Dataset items

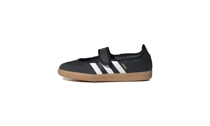 Step into a fresh take on a classic with the Adidas Samba Jane GS "Black / Gum". This grade school sneaker re-imagines the Samba silhouette with an elevated design. Featuring a clean black upper with a subtle logo and a gum sole, it delivers a comfortable fit and a versatile look that’s perfect for making a stylish statement every day.Black / Gum
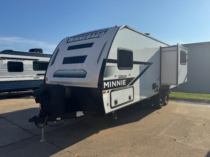 Start out on your boundless journey in one of these Winnebago Industries Towables Micro Minnie travel trailers! Towing is made simple with the 7' width to keep your Micro Minnie in your rear-view mirror. They don't lack in features either although they are compact in size. The spacious galley including a sink, refrigerator, two burner cooktop, and even a microwave oven allows you to cook without compromise. You will not only enjoy the entertainment found indoors with an LED TV, a JBL premium sound system and Aura Cube high performance mechless media center, but outdoors you will also enjoy the JBL premium speakers and a power awning with LED lighting. Each model also comes with flexible exterior storage to make packing quick and easy. What are you waiting for, come choose your model today!
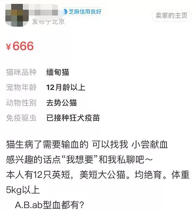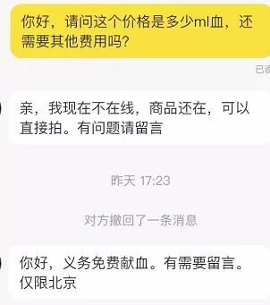 兩天以後得到了賣家的回覆,他表示義務免費獻血,僅限北京。然而留言區他又明碼標價表示貓血收費。
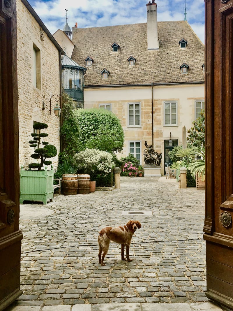 Let's start with les chiens. In the photo above: On a street near us in Beaune, there are big heavy wooden doors which occasionally swing open to reveal the most wonderful of courtyards, guarded by this cutie, although he doesn't look very ferocious.
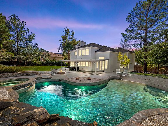 Back on Market ! This stunning 5 bedroom, 3 car garage home sits one of the best neighborhoods of Palmdale in the Rancho Vista Area! An amazing entertainer's dream backyard. Enjoy the backyard year round with the covered patio with firepit, large grass area, and especially the water feature. Best yet, the corner lot provides extra space and privacy. The double door entry, high ceilings, and curved staircase makes a dramatic impression from the minute you enter this home. Tastefully upgraded throughout with neutral designer paint and flooring, there is nothing to do but move in and plan your housewarming party in that gorgeous backyard. With one bedroom and a full bathroom downstairs and the other 5 bedrooms open floor plan. The crisp white kitchen and family room overlook the backyard while the formal living and dining rooms offer another space to gather, entertain, or just relax. The primary suite is large with high ceilings, a cozy fireplace, bright windows, and an attached bathroom with dual sinks vanity, a soaking tub, and walk-in shower. Best yet, This home is steps from parks, schools, and shopping. It's a wonderfully walkable neighborhood and close to freeway access!
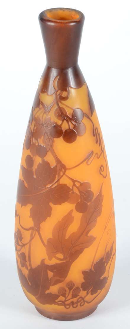 Par de vasos de opalina francesa na cor verde decoradas com delicadas guirlandas florais e realces dourados. Uma dela...
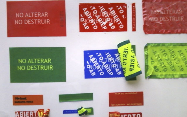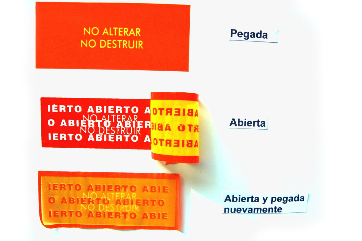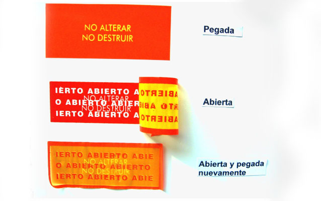 Las fabricamos con un film de plástico que tiene una textura similar al papel, pero es impermeable y de altísima resistencia al desgarro. En uno de sus extremos posee un adhesivo sensitivo a la presión. Cuando un extremo es pegado al otro, la adhesión es permanente, aun bajo del agua y es capaz de resistir altos valores de tracción antes que se destruya, resultados imposible reconstruirla. Su medida es de 2 cm. de ancho y 26 cm. de largo.
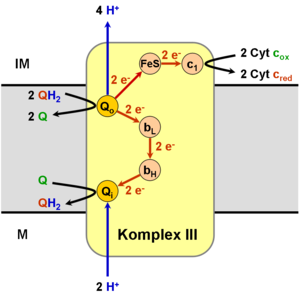 - Transfer von Elektronen vom Coenzym Q (Zwei-Elektronenüberträger) zum Cytochrom c (Ein-Elektronenüberträger)
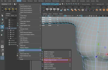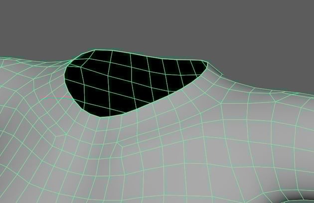 not to have triangle faces in character modelling, snap the vertices to the
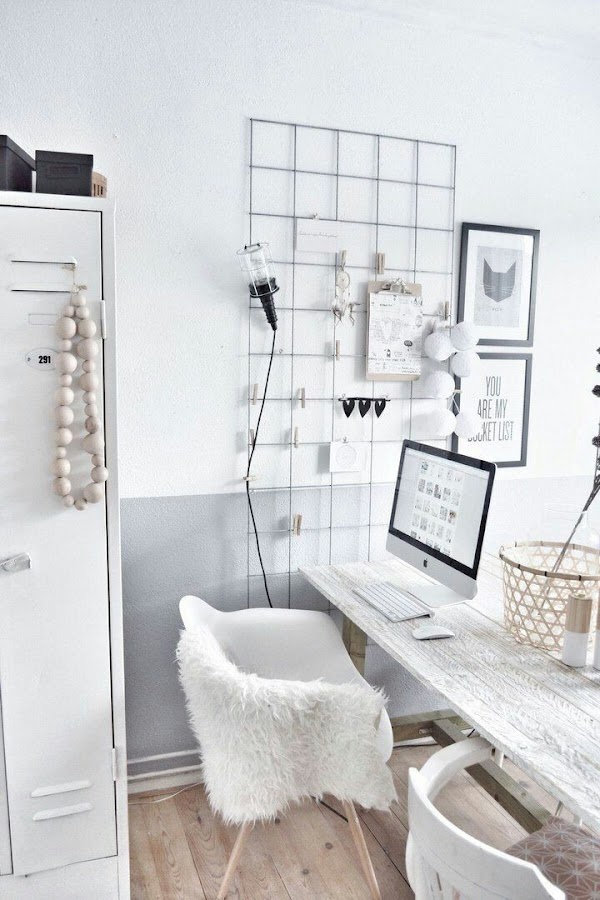 Y por ultimo este que me rincón de trabajo que me encanta pero a mi se me hace grande. Me gusta mucho la organización y distribución de las cositas aquí, y la idea de hacer una estantería de esa forma también me llama. Incluso se me ocurre que una rejilla y al lado una estantería de esas bonitas con cuerdas puede quedar muy mona.
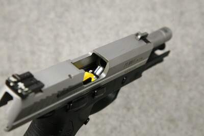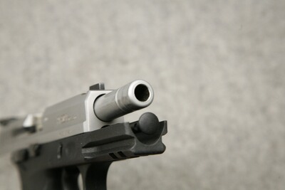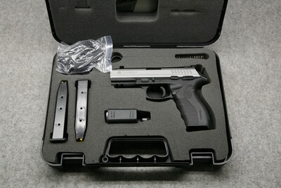 Kaliber 9 mm Luger. Lauf 104 mm, Stahlverschluß, Kunststoffgriffstück, Magazin für 17 Patronen, verstellbare 3-Dot Visierung, Double-Action/Single-Action Abzug, Entspannhebel/Sicherung. Ersatzmagazin, Koffer. Gesamtlänge 210 mm, Gewicht 856 g.
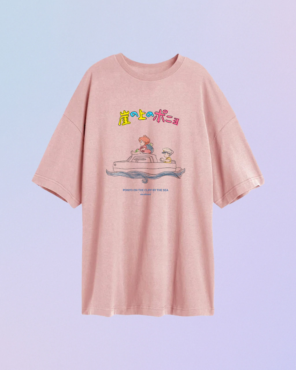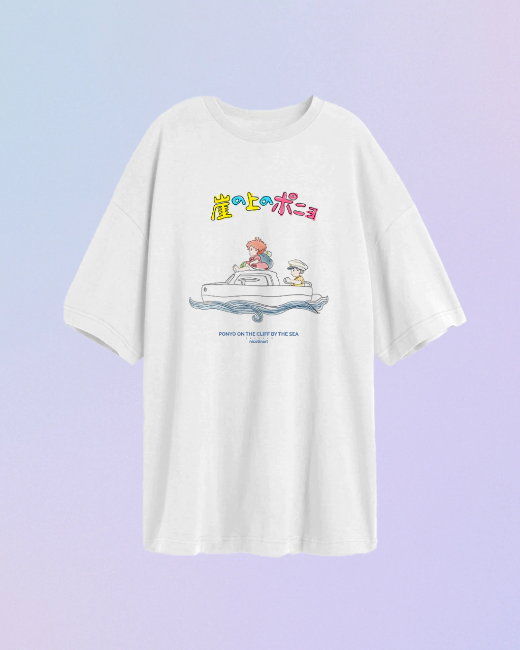¡Sumergite en la magia del océano con esta remera inspirada en Ponyo en el acantilado! Perfecta para fans de Studio Ghibli que desean llevar consigo la ternura y la aventura de esta encantadora película.
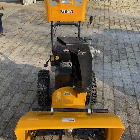 Stiga Snow Flake sneslynge i gul farve. Benzindrevet maskine med kraftig motor og hjultræk. Udkastertud kan justeres til siden for at styre retningen på sneen. Egnet til rydning af indkørsler, gårdspladser og mindre veje. Maskinen har håndtag med betjeningsgreb til fremdrift og sneindtag samt elstart via 230 volt tilslutning ifølge mærkat på motoren.
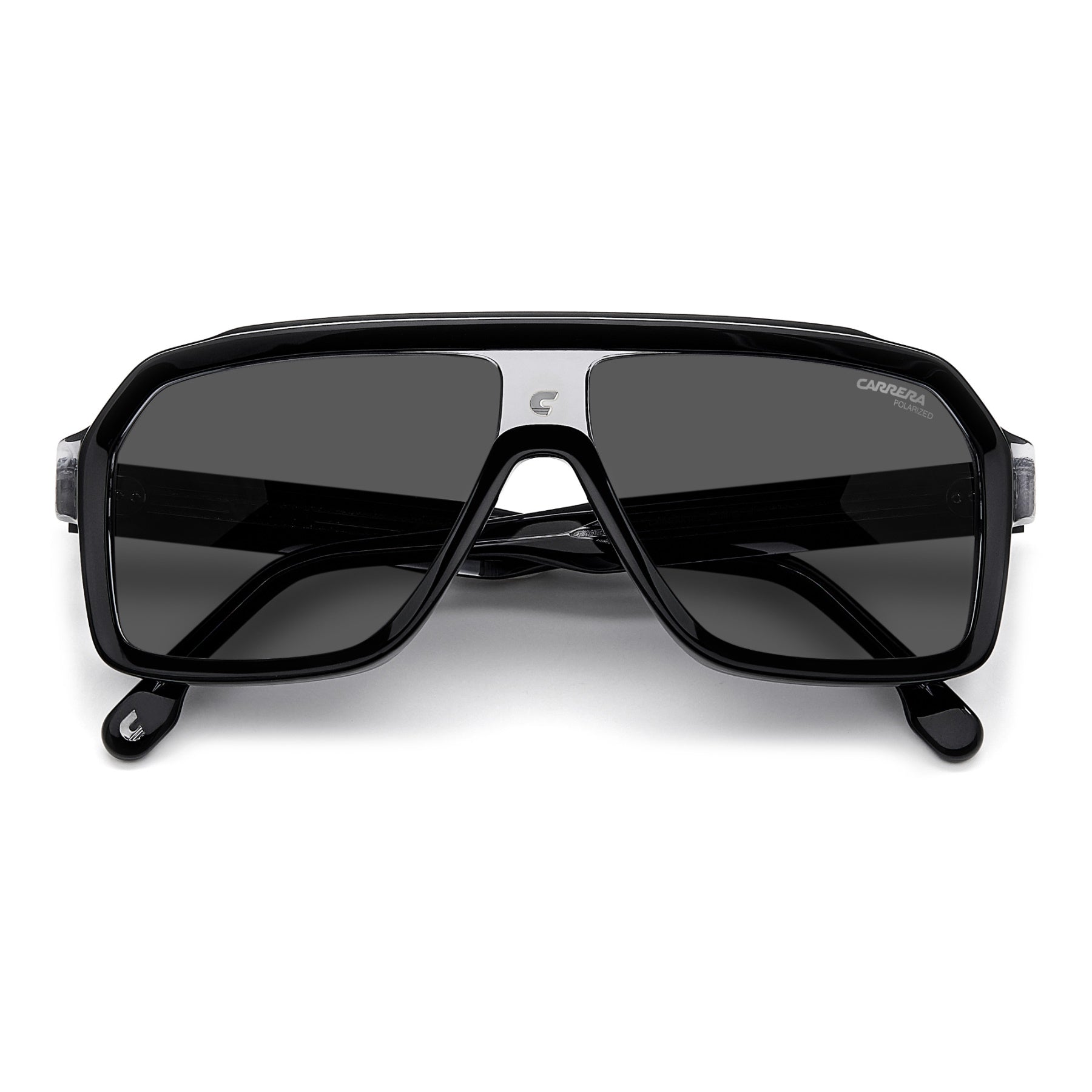Estas gafas de sol son toda una declaración de intenciones para hombres, que se atreven a ser únicos. El frente piloto, una expresión de la identidad de Carrera, presenta un perfil maxi en acetato con lentes degradadas, de espejo o polarizadas. Una gama de transparencias en las varillas descubre el núcleo metálico. El puente central con el logotipo icónico perfecciona este modelo de coleccionista.
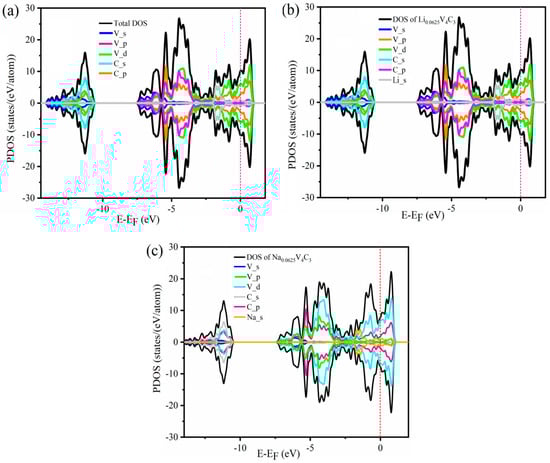Density of states of (a) bare V4C3, (b) Li0.0625V4C3, and (c) Na0.0625V4C3.
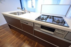 設備は3口ガスコンロ、浄水器一体型水栓や食洗機も付いていて充実しています。
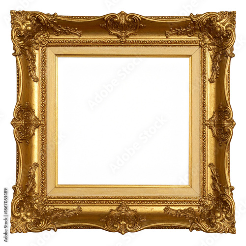 Victorian-Inspired Gold Frame with Elaborate Corners, Angled View, Transparent Background
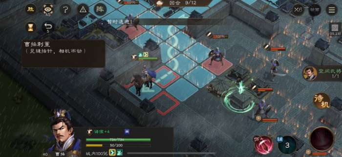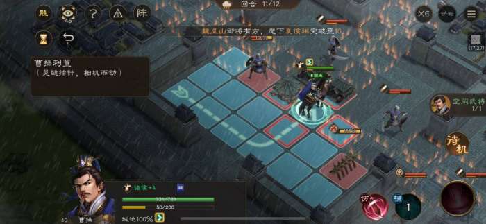 这关比较考验走位,第一回合,曹操往上走,开辅助技能加速。
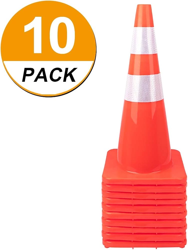 [عبوة من 10 قطع] مخروط مروري بلاستيكي مقاس 28 بوصة، مخاريط طريق آمنة من مادة PVC، مخاريط وقوف السيارات على الطرق، مخاريط بناء مخاريط خطر مرجحة، مخاريط علامة ميدانية برتقالية، مخاريط سلامة لوقوف السيارات، مخاريط مرورية
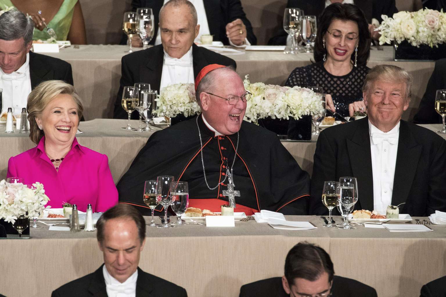 Hillary Clinton (left), Donald Trump (right) and Cardinal Timothy Dolan, the archbishop of New York attend the 71st annual Alfred E. Smith Memorial Foundation dinner.
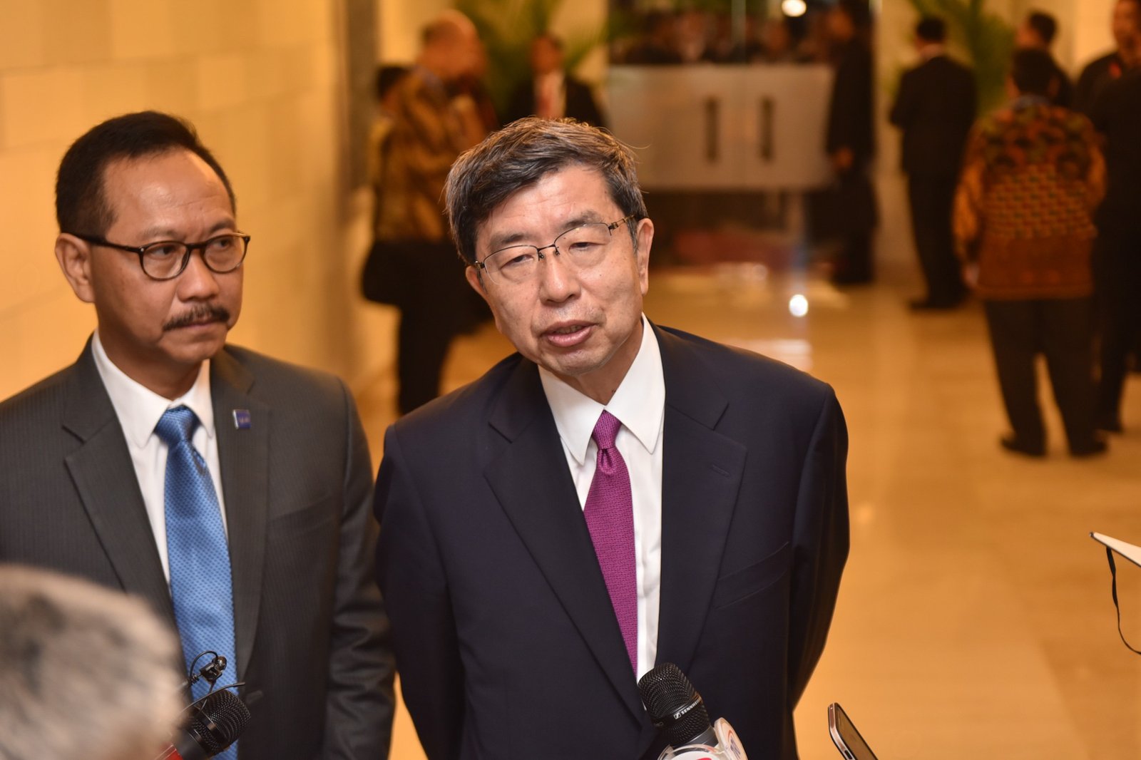 Presiden ADB Takehiko Nakao didampingi tokoh perbankan Indonesia, Sigit Pramono, menjawab wartawan…
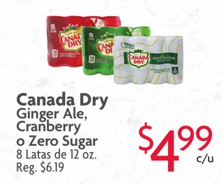 Canada Dry Ginger Ale, Cranberry o Zero Sugar 8 Latas de 12 oz.
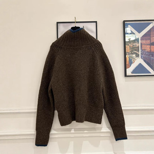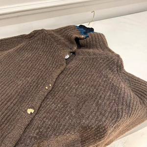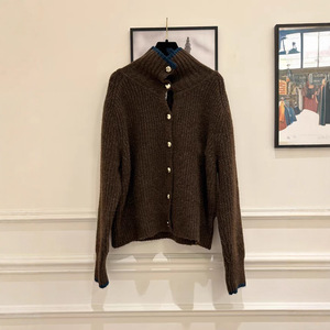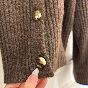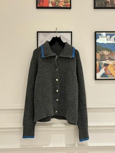 南油直供2025秋冬时髦撞色翻领羊绒针织开衫洋气胸前字母刺绣上衣
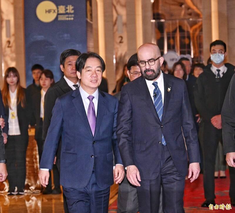 President William Lai (賴清德) said the global democratic camp should be more united against authoritarianism, build a global “non-red supply chain” and “bring back the dawn of peace” as he spoke at the Halifax International Security Forum today.

**WHAT NEEDS TO BE DONE**
Repeat the data word for word. Images are not part of the copy.

**TASK OUTPUT**
 Step into a fresh take on a classic with the Adidas Samba Jane GS "Black / Gum". This grade school sneaker re-imagines the Samba silhouette with an elevated design. Featuring a clean black upper with a subtle logo and a gum sole, it delivers a comfortable fit and a versatile look that’s perfect for making a stylish statement every day.Black / Gum
 Start out on your boundless journey in one of these Winnebago Industries Towables Micro Minnie travel trailers! Towing is made simple with the 7' width to keep your Micro Minnie in your rear-view mirror. They don't lack in features either although they are compact in size. The spacious galley including a sink, refrigerator, two burner cooktop, and even a microwave oven allows you to cook without compromise. You will not only enjoy the entertainment found indoors with an LED TV, a JBL premium sound system and Aura Cube high performance mechless media center, but outdoors you will also enjoy the JBL premium speakers and a power awning with LED lighting. Each model also comes with flexible exterior storage to make packing quick and easy. What are you waiting for, come choose your model today!
 兩天以後得到了賣家的回覆,他表示義務免費獻血,僅限北京。然而留言區他又明碼標價表示貓血收費。
 Let's start with les chiens. In the photo above: On a street near us in Beaune, there are big heavy wooden doors which occasionally swing open to reveal the most wonderful of courtyards, guarded by this cutie, although he doesn't look very ferocious.
 Back on Market ! This stunning 5 bedroom, 3 car garage home sits one of the best neighborhoods of Palmdale in the Rancho Vista Area! An amazing entertainer's dream backyard. Enjoy the backyard year round with the covered patio with firepit, large grass area, and especially the water feature. Best yet, the corner lot provides extra space and privacy. The double door entry, high ceilings, and curved staircase makes a dramatic impression from the minute you enter this home. Tastefully upgraded throughout with neutral designer paint and flooring, there is nothing to do but move in and plan your housewarming party in that gorgeous backyard. With one bedroom and a full bathroom downstairs and the other 5 bedrooms open floor plan. The crisp white kitchen and family room overlook the backyard while the formal living and dining rooms offer another space to gather, entertain, or just relax. The primary suite is large with high ceilings, a cozy fireplace, bright windows, and an attached bathroom with dual sinks vanity, a soaking tub, and walk-in shower. Best yet, This home is steps from parks, schools, and shopping. It's a wonderfully walkable neighborhood and close to freeway access!
 Par de vasos de opalina francesa na cor verde decoradas com delicadas guirlandas florais e realces dourados. Uma dela...
 Las fabricamos con un film de plástico que tiene una textura similar al papel, pero es impermeable y de altísima resistencia al desgarro. En uno de sus extremos posee un adhesivo sensitivo a la presión. Cuando un extremo es pegado al otro, la adhesión es permanente, aun bajo del agua y es capaz de resistir altos valores de tracción antes que se destruya, resultados imposible reconstruirla. Su medida es de 2 cm. de ancho y 26 cm. de largo.
 - Transfer von Elektronen vom Coenzym Q (Zwei-Elektronenüberträger) zum Cytochrom c (Ein-Elektronenüberträger)
 not to have triangle faces in character modelling, snap the vertices to the
 Y por ultimo este que me rincón de trabajo que me encanta pero a mi se me hace grande. Me gusta mucho la organización y distribución de las cositas aquí, y la idea de hacer una estantería de esa forma también me llama. Incluso se me ocurre que una rejilla y al lado una estantería de esas bonitas con cuerdas puede quedar muy mona.
 Kaliber 9 mm Luger. Lauf 104 mm, Stahlverschluß, Kunststoffgriffstück, Magazin für 17 Patronen, verstellbare 3-Dot Visierung, Double-Action/Single-Action Abzug, Entspannhebel/Sicherung. Ersatzmagazin, Koffer. Gesamtlänge 210 mm, Gewicht 856 g.
¡Sumergite en la magia del océano con esta remera inspirada en Ponyo en el acantilado! Perfecta para fans de Studio Ghibli que desean llevar consigo la ternura y la aventura de esta encantadora película.
 Stiga Snow Flake sneslynge i gul farve. Benzindrevet maskine med kraftig motor og hjultræk. Udkastertud kan justeres til siden for at styre retningen på sneen. Egnet til rydning af indkørsler, gårdspladser og mindre veje. Maskinen har håndtag med betjeningsgreb til fremdrift og sneindtag samt elstart via 230 volt tilslutning ifølge mærkat på motoren.
Estas gafas de sol son toda una declaración de intenciones para hombres, que se atreven a ser únicos. El frente piloto, una expresión de la identidad de Carrera, presenta un perfil maxi en acetato con lentes degradadas, de espejo o polarizadas. Una gama de transparencias en las varillas descubre el núcleo metálico. El puente central con el logotipo icónico perfecciona este modelo de coleccionista.
Density of states of (a) bare V4C3, (b) Li0.0625V4C3, and (c) Na0.0625V4C3.
 設備は3口ガスコンロ、浄水器一体型水栓や食洗機も付いていて充実しています。
 Victorian-Inspired Gold Frame with Elaborate Corners, Angled View, Transparent Background
 这关比较考验走位,第一回合,曹操往上走,开辅助技能加速。
 [عبوة من 10 قطع] مخروط مروري بلاستيكي مقاس 28 بوصة، مخاريط طريق آمنة من مادة PVC، مخاريط وقوف السيارات على الطرق، مخاريط بناء مخاريط خطر مرجحة، مخاريط علامة ميدانية برتقالية، مخاريط سلامة لوقوف السيارات، مخاريط مرورية
 Hillary Clinton (left), Donald Trump (right) and Cardinal Timothy Dolan, the archbishop of New York attend the 71st annual Alfred E. Smith Memorial Foundation dinner.
 Presiden ADB Takehiko Nakao didampingi tokoh perbankan Indonesia, Sigit Pramono, menjawab wartawan…
 Canada Dry Ginger Ale, Cranberry o Zero Sugar 8 Latas de 12 oz.
 南油直供2025秋冬时髦撞色翻领羊绒针织开衫洋气胸前字母刺绣上衣
 President William Lai (賴清德) said the global democratic camp should be more united against authoritarianism, build a global “non-red supply chain” and “bring back the dawn of peace” as he spoke at the Halifax International Security Forum today.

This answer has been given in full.